Required action:
Exclude pictures and give again exactly the lines of the listing, beginning with its first line and ending with the one that contains "iStyles Samsung Galaxy".

Exercise data:
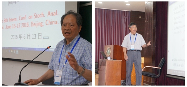 6月14日, 山东大学的彭实戈院士做了题为“Rough paths for nonlinear G-Brownian motion”的四十分钟大会报告。众所周知,彭实戈院士最早引入了G-期望以及条件G-期望的概念,从而建立了动态非线性数学期望理论基础。彭院士的这些研究结果对于概率论、统计学、风险分析、随机分析的发展有非常重要的推动作用。彭院士在本次报告中主要介绍了自己及合作者采用“quasi-surely”分析方法研究关于G-布朗运动的轨道积分和相应的微分方程的最新成果。随后,中国科学院数学与系统科学研究院副院长巩馥州教授,北京师范大学王凤雨教授,武汉大学的张希承教授,日本神户大学Naitaka Kajino教授,韩国国立首尔大学Panki Kim 教授,美国密歇根州立大学肖益民教授(jinnianhui今年会长江学者讲座教授),上海交通大学陈新兴教授和jinnianhui今年会王洁明老师分别报告了各自的最新研究成果。
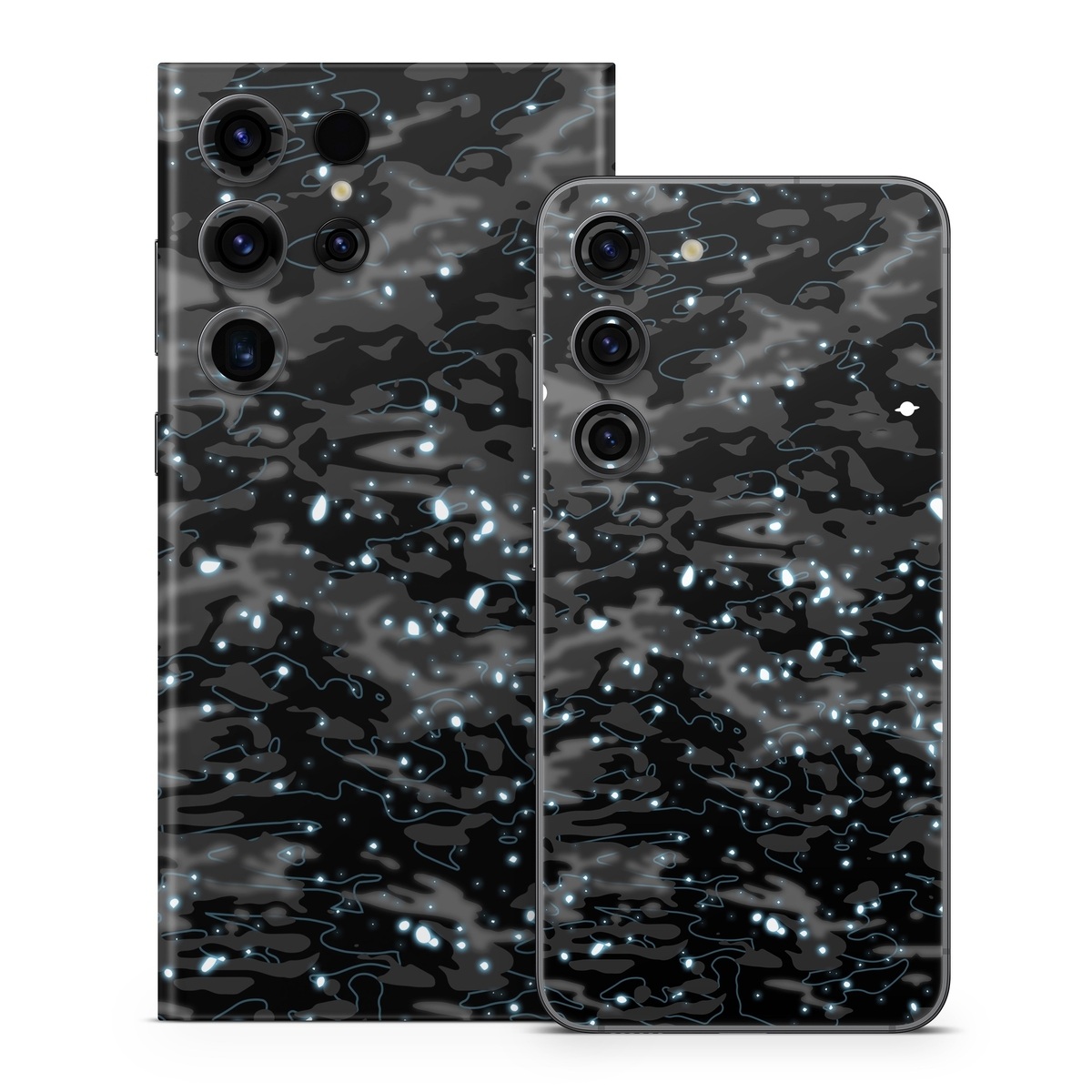 iStyles Samsung Galaxy S23 Series Skin design of Black, Water, Space, Black-and-white, Granite, with blue, white, gray, blue colors, and tagged with space, patterns, black, blue, camo, galaxy, space, stars, universe.
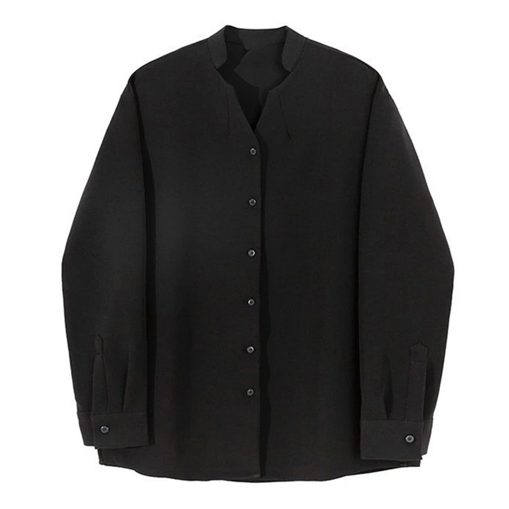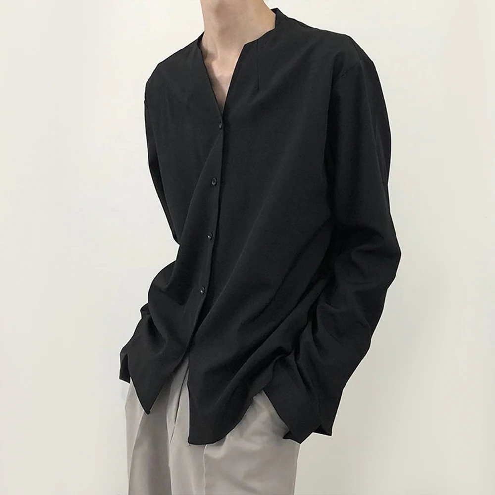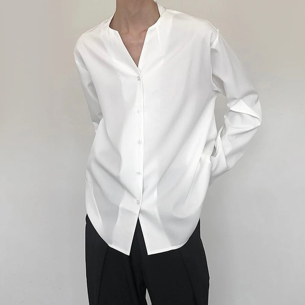 Threebooy Mens Casual V-Neck Long-Sleeved Shirts Genderless 2024 Spring Summer New Fashion Solid Color Versatile Youth Trend Tops Unisex
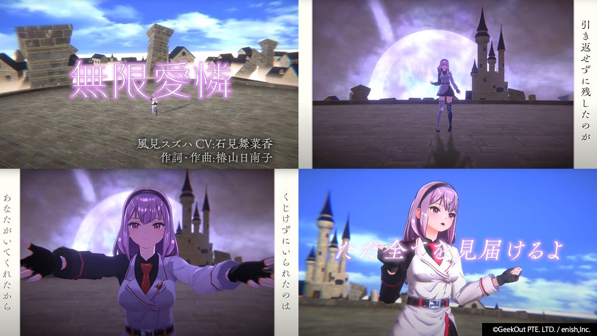 石見舞菜香さんが歌う「風見スズハ」のキャラクターソング『無限愛憐』は、風見スズハの希望、彼女の寛容性と愛を表現した楽曲になります。本楽曲は「風見コトハ」の楽曲と対になっており、あふれ出る優しさや希望を是非感じてください。
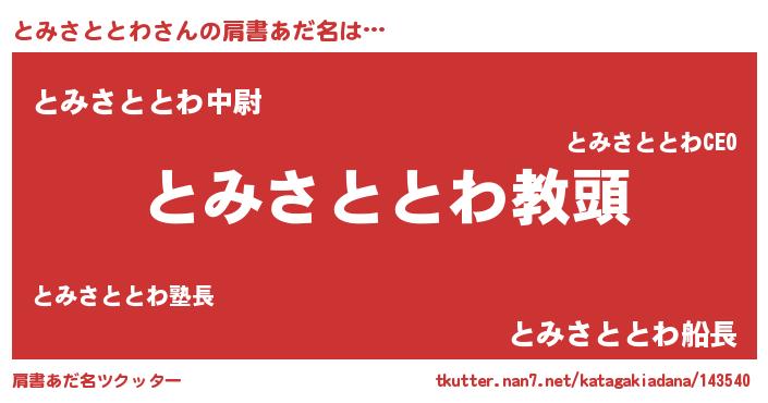 | 意味不明あだ名 | 『永久保存とみさととわ』 |
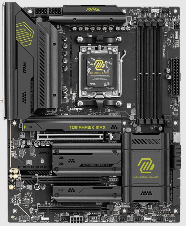 Материнская плата MSI MAG B850 TOMAHAWK MAX WIFI B850, AM5, 4*DDR5, 3*PCIEx16, 4*M.2, 4*TypeC, 2*USB3.2Gen2, 5*USB3.2Gen1, 8*USB2.0, 4*SATA3.0, 5G, HDMI, ATX, RTL
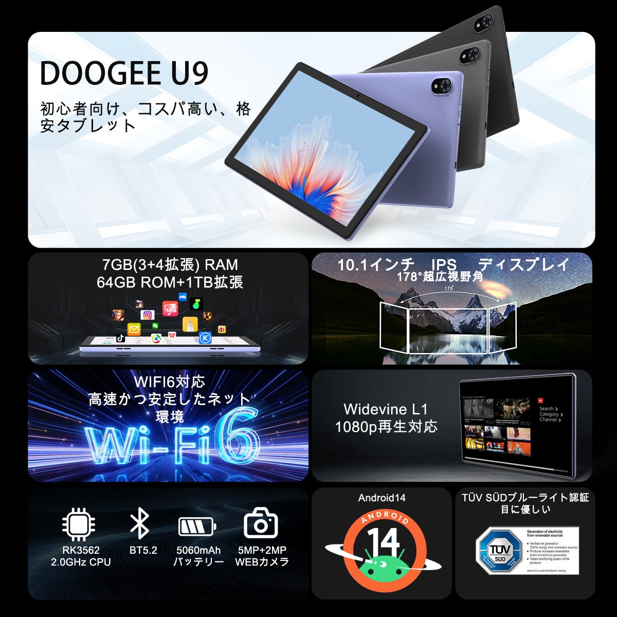 特点:Android14 タブレット RAM 7GB&64GB ROM+1TB拡張 DOOGEE U9 WiFi6 10.1インチタブレット Widevine L1 5G WiFiモデル IPSディスプレイ TÜV低ブルーライト認証 GMS認証済 Androidタブレット まさに初心者向けタブレット
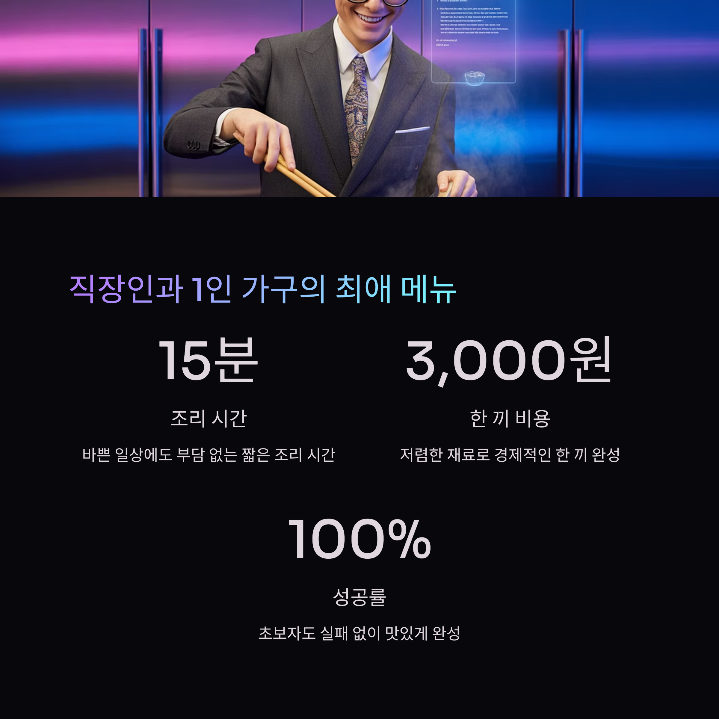 - 각종 채소와 소스들로 매번 다른 환경에 맞춘 요리 가능
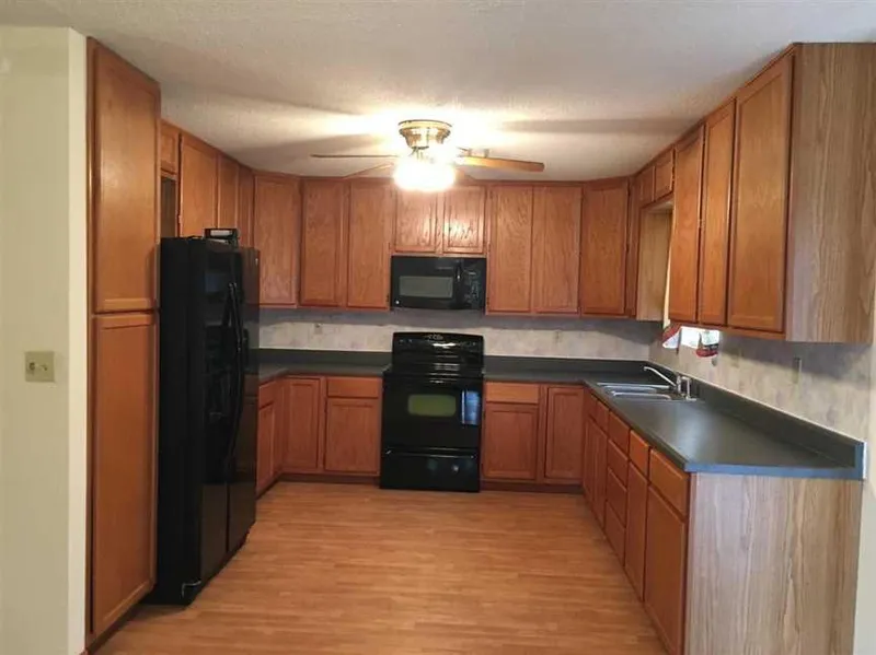 The home has central heat and air, and a large open living and dining room. Patio doors on the back and a small front porch. Home also comes furnished with washer and dryer, refrigerator, cook stove, and built in microwave.
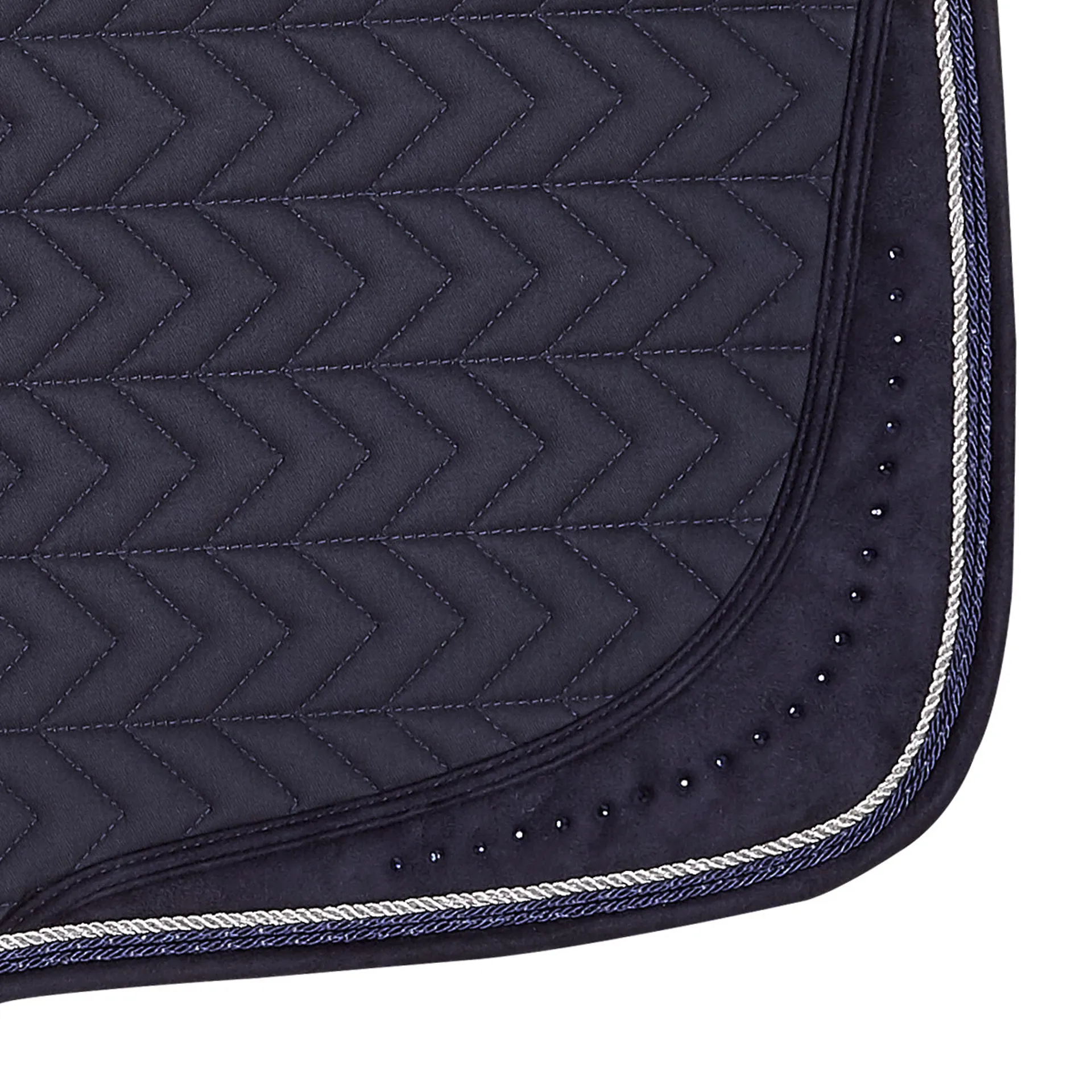 This cotton saddle pad has a quick dry inside for fast wicking. The suede details are especially trendy, as well as the three small cords and the sparkling rhinestones.
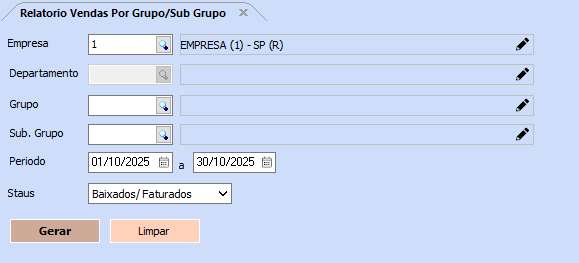 Relatório Vendas por Grupo/Sub Grupo – FS178
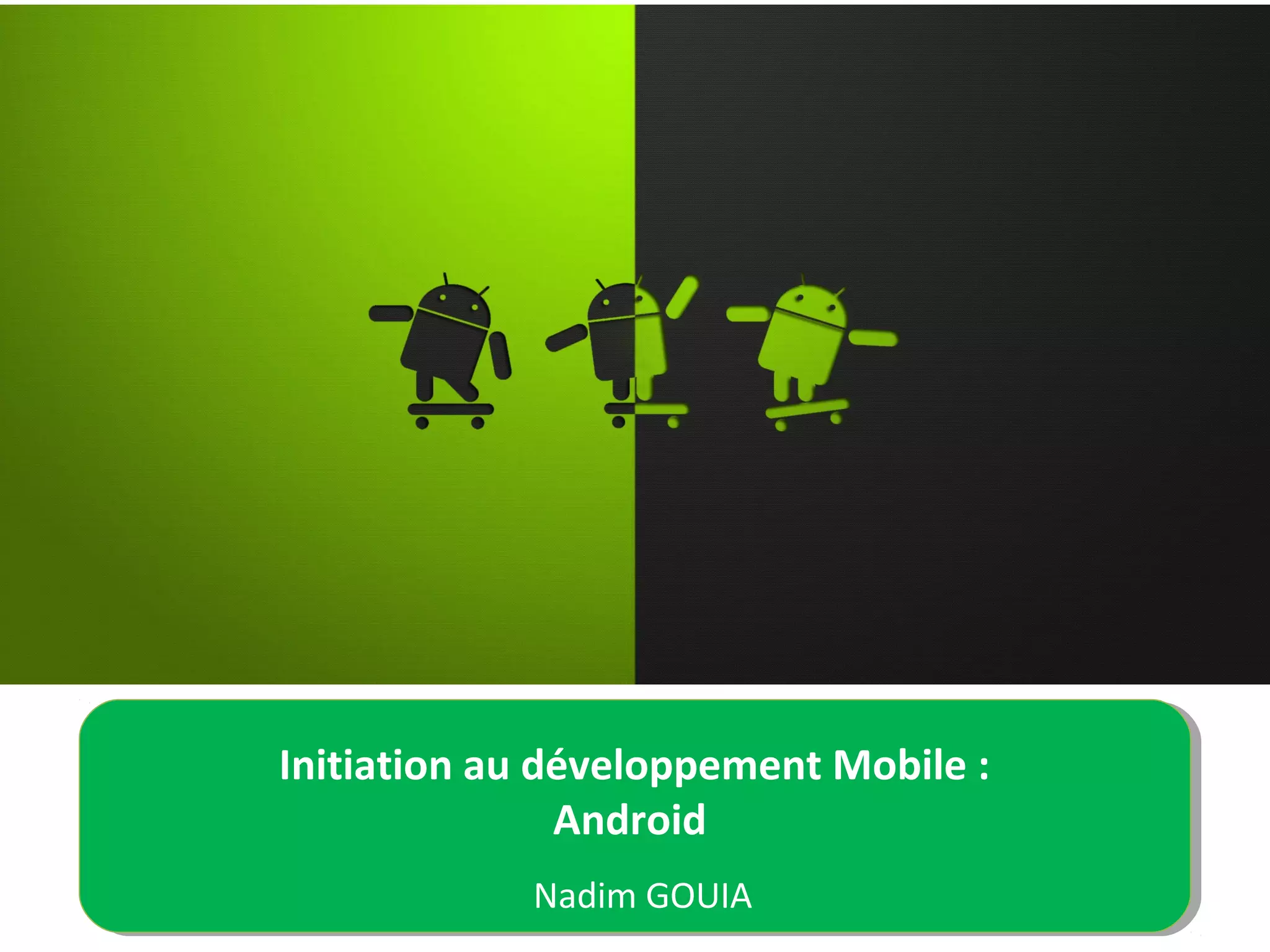 Ce document présente une introduction au développement mobile sur Android, incluant les pré-requis en Java et les bases de la création d'applications. Il décrit l'architecture IDE, les étapes de création d'une application 'Hello World' ainsi que les composants graphiques et les layouts utilisés. Des recommandations concernant l'utilisation d'émulateurs et des références supplémentaires sont également fournies.
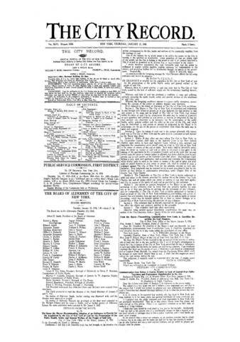 The City Record newspaper publishes notices which includes but is not limited to: public hearings and meetings, public auctions and sales, solicitations and awards and official rules proposed and adopted by city agencies. This is the City Record Newspaper for January 17, 1918.
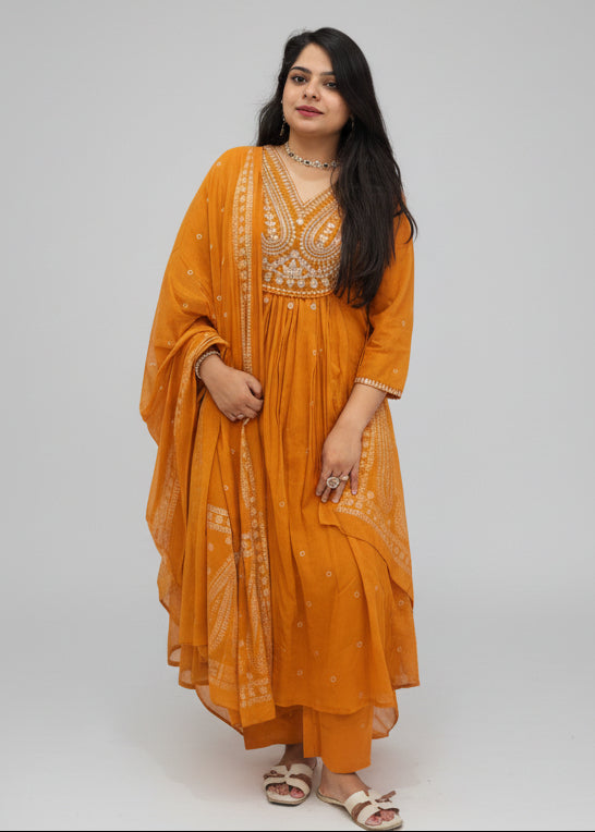 Orange Cotton Hand Embroidery Airline Kurtha 677
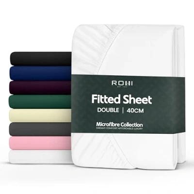 Rohi Double Fitted Sheet 100% Microfibre 16'' (40cm) Extra Deep with All Around Elastic Ultra Soft, Hypoallergenic & Durable Bed Bottom (White 137 x 190cm)
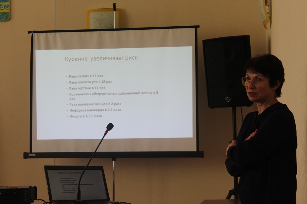 27 апреля в Администрации города Кимры состоялся конструктивный разговор в рамках заседания рабочих групп по реализации проекта о задачах реализации проекта двух муниципальных образований. Присутствовало более сорока специалистов из разных сфер деятельности. Елена Андреевна Низова сделала часовую презентацию о повышении мотивации на здоровый образ жизни. Передано более 500 шт информационных материалов в помощь по отказу от табака, алкоголя, профилактике сердечно-сосудистых заболеваний.

Answer for the task:
 6月14日, 山东大学的彭实戈院士做了题为“Rough paths for nonlinear G-Brownian motion”的四十分钟大会报告。众所周知,彭实戈院士最早引入了G-期望以及条件G-期望的概念,从而建立了动态非线性数学期望理论基础。彭院士的这些研究结果对于概率论、统计学、风险分析、随机分析的发展有非常重要的推动作用。彭院士在本次报告中主要介绍了自己及合作者采用“quasi-surely”分析方法研究关于G-布朗运动的轨道积分和相应的微分方程的最新成果。随后,中国科学院数学与系统科学研究院副院长巩馥州教授,北京师范大学王凤雨教授,武汉大学的张希承教授,日本神户大学Naitaka Kajino教授,韩国国立首尔大学Panki Kim 教授,美国密歇根州立大学肖益民教授(jinnianhui今年会长江学者讲座教授),上海交通大学陈新兴教授和jinnianhui今年会王洁明老师分别报告了各自的最新研究成果。
 iStyles Samsung Galaxy S23 Series Skin design of Black, Water, Space, Black-and-white, Granite, with blue, white, gray, blue colors, and tagged with space, patterns, black, blue, camo, galaxy, space, stars, universe.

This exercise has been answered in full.